Dentro de este último grupo, ¿qué podían esperar los que habían sido aliados del peronismo frente a un gobierno que se derruía? La mayoría de los diputados obraron con cierto irracionalismo político. Desecharon la más que probable ruptura institucional y, al menos durante el transcurso de la sesión, no ofrecieron alternativas institucionales viables para superar la crisis. Otra interpretación sería que lisa y llanamente hubo apatía o resignación y la sensación ambigua de que “la suerte estaba echada”, como diría el propio Luder tiempo después, comentando los hechos. Así, todos desempeñaron un papel contrario a sus propios intereses; los verticalistas buscaban tejer unas redes con el poder militar –incluso hasta la “bordaberrización”– para lograr el apoyo que evitara caer en el abismo y, paradójicamente, acusaban de “golpistas” a la oposición.

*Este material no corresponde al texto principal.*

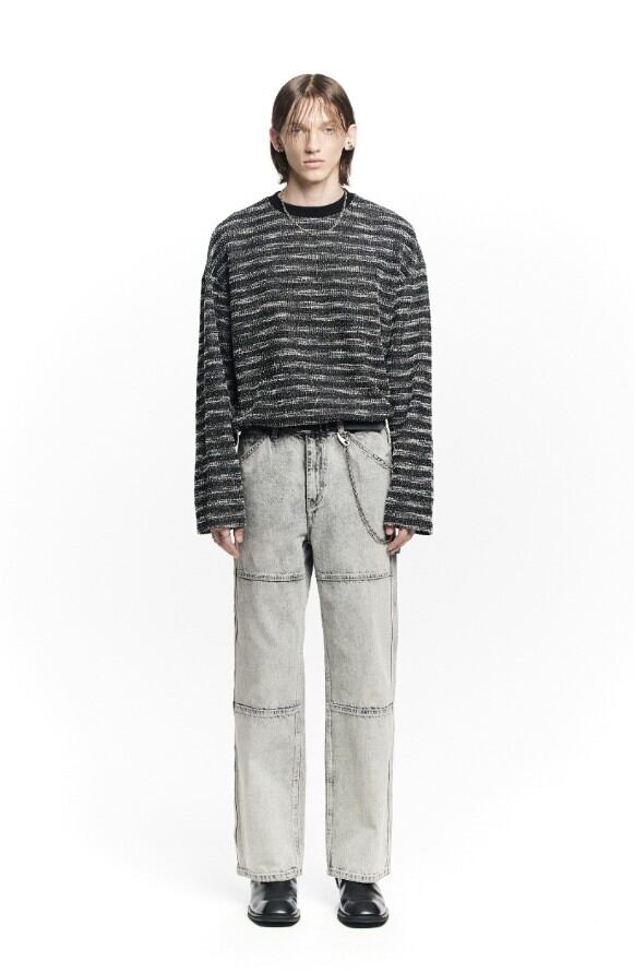 - ヘビーなストーンウォッシュを通じてブリーチでホワイトグレーカラーを演出。
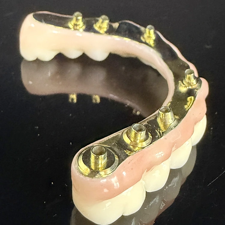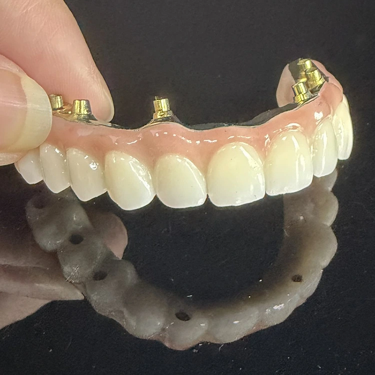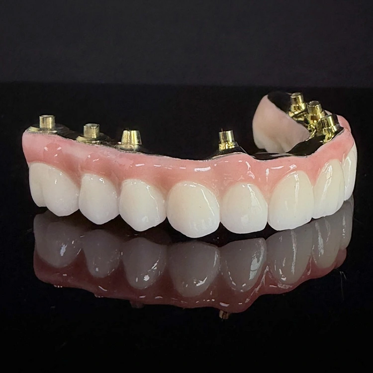 Хибриден имплант мост CADCAM забна протетика со целосна цирконија и титаниум, мост за пристапна дупка за корекција на агол, најдобро решение за проблем со вметнување. WM стоматолошка лабораторија од кинеската стоматолошка лабораторија обезбедува најдобро решение за мелење на целосниот лак имплант цирконски имплант мост
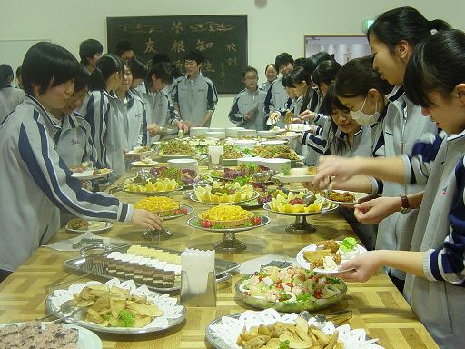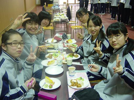 楽しみにしていたビュッフェランチが行われました。から揚げやサンドイッチ、カレー、フルーツ、ケーキなど豊富なメニューが並び、生徒たちは好きなものを食べながら会話を弾ませていました。中学校生活最後の給食ということで、名残惜しい気持ちになりながらも、楽しい一時を過ごせたようです。
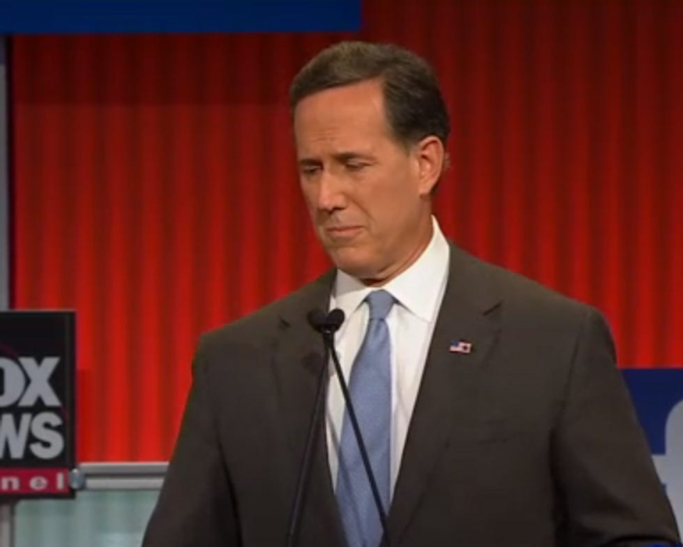 He is weird and gross, doesn't like sex, was fired by double digits by the voters of his home state of Pennsylvania, and has been whining like a little bitch about how it's NOT FAIR! that he had to sit at the kids' table even though he was "runner up" in the 2012 Republican primary. "Runner up" is not actually a thing. Also, he has only one supporter in Iowa. Her name is Peggy. She probably doesn't even like him anymore either.
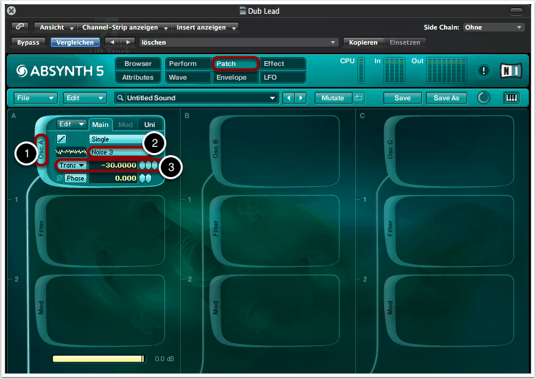 Im Patch-Menü aktivieren wir Oszillator A durch einen Mausklick in das zunächst noch leere Feld (1).

Los desencantados que habían integrado el FREJULI no daban más crédito a la Presidenta, pero no se animaban a dar el paso necesario para su desplazamiento. Y no todos los que se inclinaban hacia el juicio político –y votaban a favor de su tratamiento– confiaban íntimamente en que era el mejor remedio e incluso que hubiera salida real alguna frente al grado de descomposición alcanzado. En realidad, el escenario parlamentario dramatizó el contexto político e institucional del país y contrapuso como espejo a un vacío de poder un cuadro de inmovilismo e impotencia, configurando un suicida callejón sin salida.
El Poder Ejecutivo estaba agónico y el Poder Legislativo en crisis. El oficialismo estaba dividido (con el antiverticalista “Grupo de Trabajo” en el Parlamento), y los disidentes del FREJULI y parte de la oposición no se animaban a votar contra el Gobierno.

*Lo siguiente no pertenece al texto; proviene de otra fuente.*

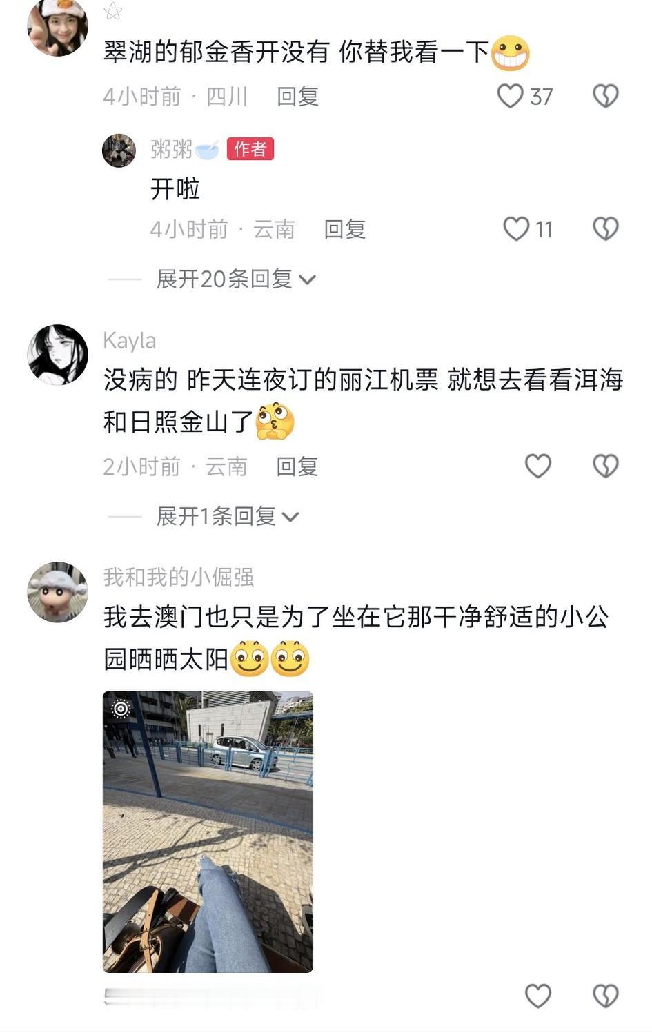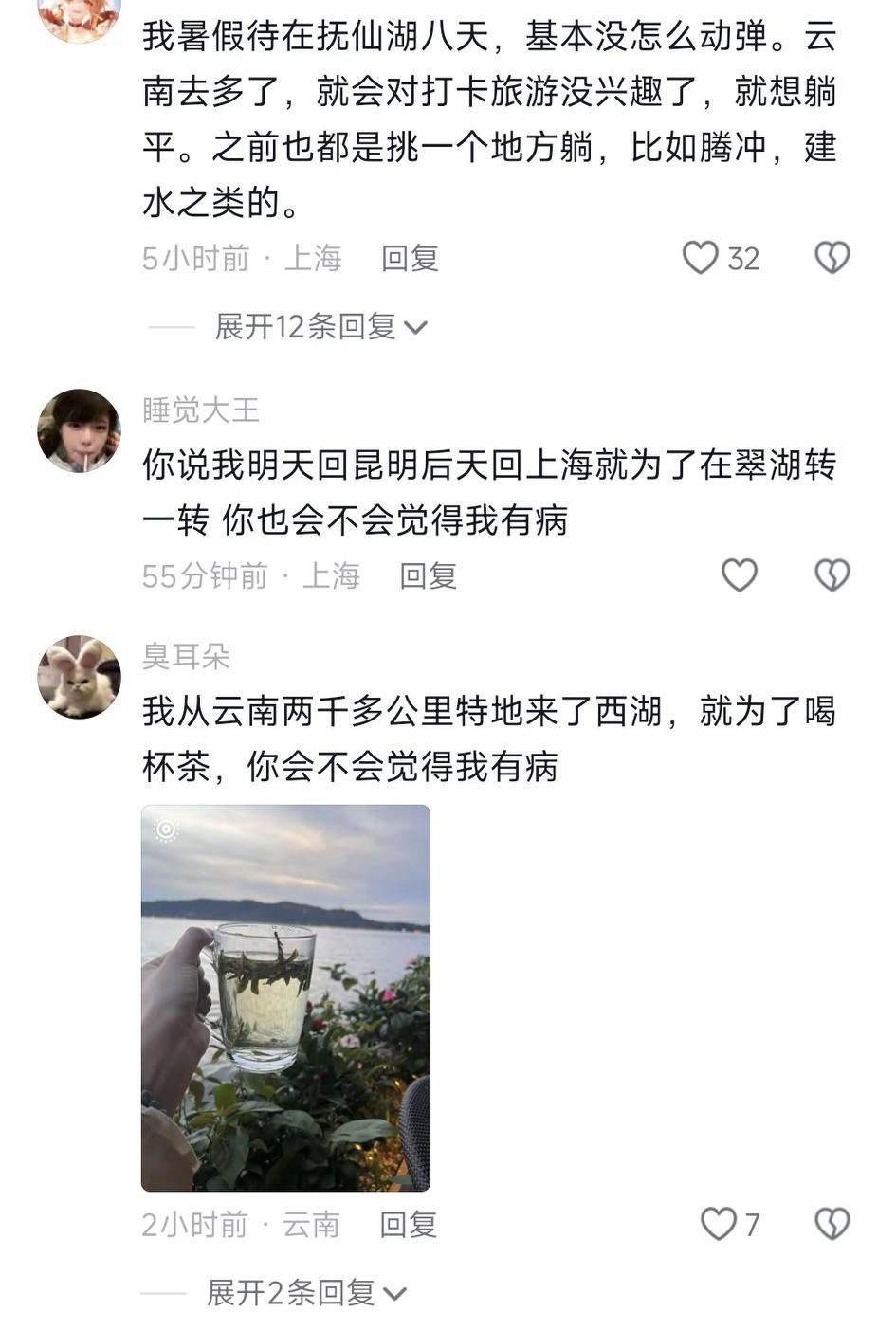 有个苏州人说:我从苏州两千多公里,特地来昆明翠湖,就是为了抽根烟、晒太阳、喝茶、发呆,你会不会觉得我有病? 评论区很多人晒出他们的行程,有去西湖边喝茶的,有去哈尔滨看雪的,有去看日照金山的。 在城里待久了,总想亲近大自然,想晒晒太阳,给自己冲点能量,回到城市继续打拼!

El peronismo no había cesado en sus divisiones y sus distintos sectores se fagocitaban mutuamente. Los tramos finales que preludiaron el golpe mostraron una cruda disputa entre los verticalistas, los moderados y los rebeldes. Los primeros exhibían un apoyo incondicional a la Presidenta; los segundos reclamaban rectificaciones inmediatas del Gobierno advirtiendo el riesgo del golpe y el último sector era el que mayor distancia y cuestionamiento ponía en relación a Isabel y a su gobierno.

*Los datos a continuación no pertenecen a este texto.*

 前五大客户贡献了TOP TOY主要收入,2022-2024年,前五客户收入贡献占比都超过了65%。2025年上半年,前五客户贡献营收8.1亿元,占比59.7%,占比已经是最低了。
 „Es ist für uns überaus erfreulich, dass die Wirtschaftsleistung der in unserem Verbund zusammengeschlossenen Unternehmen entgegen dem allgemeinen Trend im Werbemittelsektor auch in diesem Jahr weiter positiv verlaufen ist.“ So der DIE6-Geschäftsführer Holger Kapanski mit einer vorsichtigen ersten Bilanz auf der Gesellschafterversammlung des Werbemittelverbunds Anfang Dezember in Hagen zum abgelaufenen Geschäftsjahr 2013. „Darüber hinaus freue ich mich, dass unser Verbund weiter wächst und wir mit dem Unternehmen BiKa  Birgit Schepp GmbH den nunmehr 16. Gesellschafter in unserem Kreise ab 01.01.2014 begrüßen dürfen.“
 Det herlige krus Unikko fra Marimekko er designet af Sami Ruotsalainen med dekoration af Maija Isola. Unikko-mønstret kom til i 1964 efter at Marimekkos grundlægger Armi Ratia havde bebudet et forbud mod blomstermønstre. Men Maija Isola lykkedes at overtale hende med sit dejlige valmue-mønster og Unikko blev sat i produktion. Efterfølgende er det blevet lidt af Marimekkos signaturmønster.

A finales del mes de febrero, el peronismo vivía una interna descarnada, llena de tensiones y que impedía avizorar un rumbo. El radicalismo había abandonado su papel opositor –prescindiendo de la polémica de si fue o no verdadera oposición en la experiencia iniciada en 1973– y no aparecía como una alternativa creíble al caos reinante. El cuadro se completaba con un sindicalismo y un empresariado que hicieron muy poco para mantener la dinámica política dentro de los cauces de moderación necesarios para desdramatizar el conflicto social y reconducirlo por las vías institucionales pertinentes.
Por fin, las Fuerzas Armadas, que pasaban del teórico “profesionalismo prescindente” al emplazamiento al gobierno, a fines de 1975, amenazando con su intervención si el proceso político no se autorregeneraba. El Congreso fue, entonces, reflejo microscópico de la descomposición social de un régimen que se autoconsumía y que en clave política mostraba a un gobierno aislado, sectario y que pretendía llenar el vacío de poder con un estilo impotente y sin contenidos.
El 24 de marzo es fecha propicia para recordar, también, cómo las instituciones de un régimen democrático no están a la altura de los acontecimientos. El Congreso pudo haber hecho más de lo que hizo para reconducir la extrema crisis política y evitar el golpe del 24 de marzo de 1976. Al menos, debió haberlo intentado.